Exercise description: From the listing below, reproduce exactly the lines starting with the one with "Caratteristiche: pelle nera" and going on through the one with "Starke Nerven brauchen", both ends kept. No picture is copied.

Dataset extract:
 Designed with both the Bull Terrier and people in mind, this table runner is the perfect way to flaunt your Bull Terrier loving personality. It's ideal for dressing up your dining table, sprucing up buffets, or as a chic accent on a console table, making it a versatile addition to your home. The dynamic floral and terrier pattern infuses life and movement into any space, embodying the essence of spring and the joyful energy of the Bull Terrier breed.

==

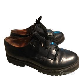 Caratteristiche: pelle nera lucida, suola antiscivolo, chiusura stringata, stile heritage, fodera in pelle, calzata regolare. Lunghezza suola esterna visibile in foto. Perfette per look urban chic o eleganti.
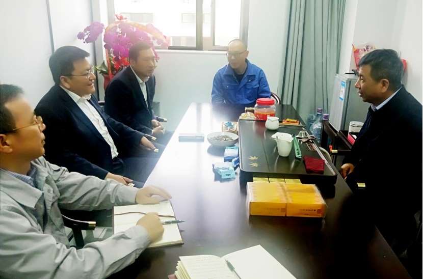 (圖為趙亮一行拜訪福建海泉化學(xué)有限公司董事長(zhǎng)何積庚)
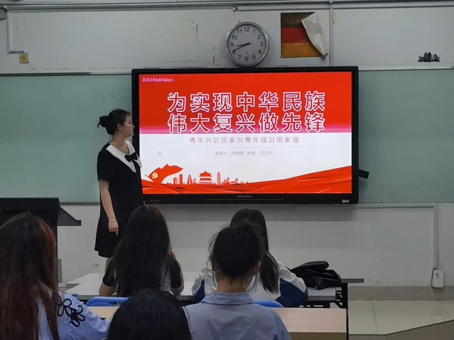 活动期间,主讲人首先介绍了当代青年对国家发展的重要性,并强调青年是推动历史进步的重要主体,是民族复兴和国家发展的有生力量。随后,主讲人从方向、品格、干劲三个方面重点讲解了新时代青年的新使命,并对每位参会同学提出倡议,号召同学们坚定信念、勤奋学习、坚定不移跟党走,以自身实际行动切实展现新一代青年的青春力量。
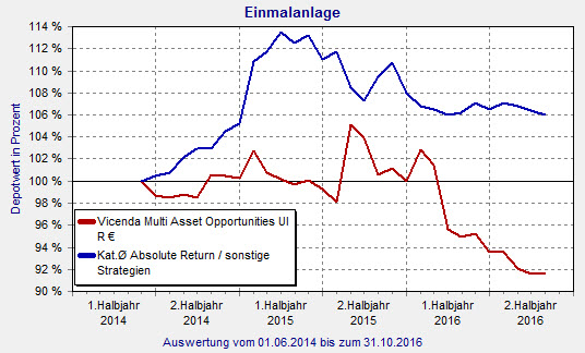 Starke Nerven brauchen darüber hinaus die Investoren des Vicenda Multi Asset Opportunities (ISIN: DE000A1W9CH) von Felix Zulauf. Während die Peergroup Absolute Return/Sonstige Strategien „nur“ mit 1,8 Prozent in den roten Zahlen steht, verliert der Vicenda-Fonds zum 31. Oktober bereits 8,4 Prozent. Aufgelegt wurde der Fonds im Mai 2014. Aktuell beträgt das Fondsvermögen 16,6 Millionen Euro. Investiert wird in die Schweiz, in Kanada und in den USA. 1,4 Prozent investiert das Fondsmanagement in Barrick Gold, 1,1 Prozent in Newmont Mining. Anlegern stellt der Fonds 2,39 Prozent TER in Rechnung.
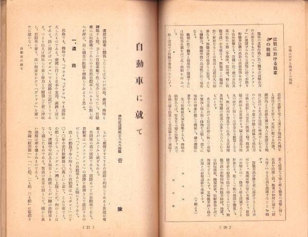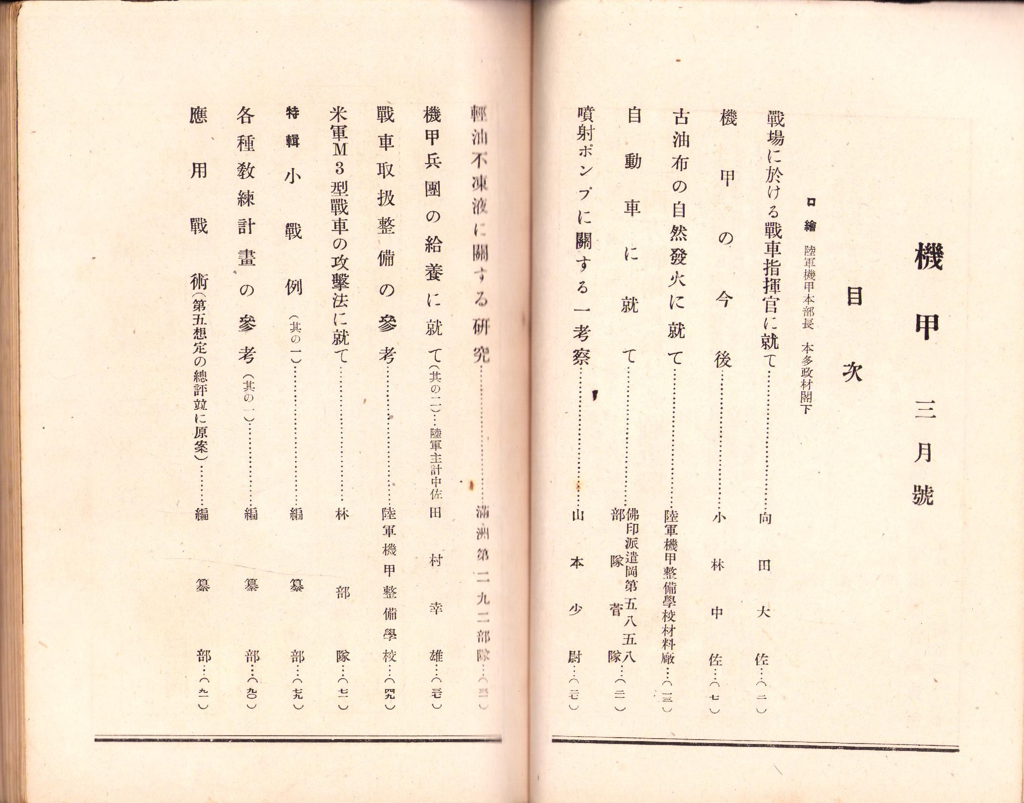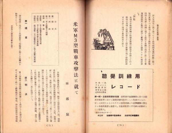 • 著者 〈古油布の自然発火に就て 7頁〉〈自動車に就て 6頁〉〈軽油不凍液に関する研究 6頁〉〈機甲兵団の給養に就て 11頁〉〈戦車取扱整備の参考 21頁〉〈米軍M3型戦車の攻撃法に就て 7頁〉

Result for this exercise:
 Caratteristiche: pelle nera lucida, suola antiscivolo, chiusura stringata, stile heritage, fodera in pelle, calzata regolare. Lunghezza suola esterna visibile in foto. Perfette per look urban chic o eleganti.
 (圖為趙亮一行拜訪福建海泉化學(xué)有限公司董事長(zhǎng)何積庚)
 活动期间,主讲人首先介绍了当代青年对国家发展的重要性,并强调青年是推动历史进步的重要主体,是民族复兴和国家发展的有生力量。随后,主讲人从方向、品格、干劲三个方面重点讲解了新时代青年的新使命,并对每位参会同学提出倡议,号召同学们坚定信念、勤奋学习、坚定不移跟党走,以自身实际行动切实展现新一代青年的青春力量。
 Starke Nerven brauchen darüber hinaus die Investoren des Vicenda Multi Asset Opportunities (ISIN: DE000A1W9CH) von Felix Zulauf. Während die Peergroup Absolute Return/Sonstige Strategien „nur“ mit 1,8 Prozent in den roten Zahlen steht, verliert der Vicenda-Fonds zum 31. Oktober bereits 8,4 Prozent. Aufgelegt wurde der Fonds im Mai 2014. Aktuell beträgt das Fondsvermögen 16,6 Millionen Euro. Investiert wird in die Schweiz, in Kanada und in den USA. 1,4 Prozent investiert das Fondsmanagement in Barrick Gold, 1,1 Prozent in Newmont Mining. Anlegern stellt der Fonds 2,39 Prozent TER in Rechnung.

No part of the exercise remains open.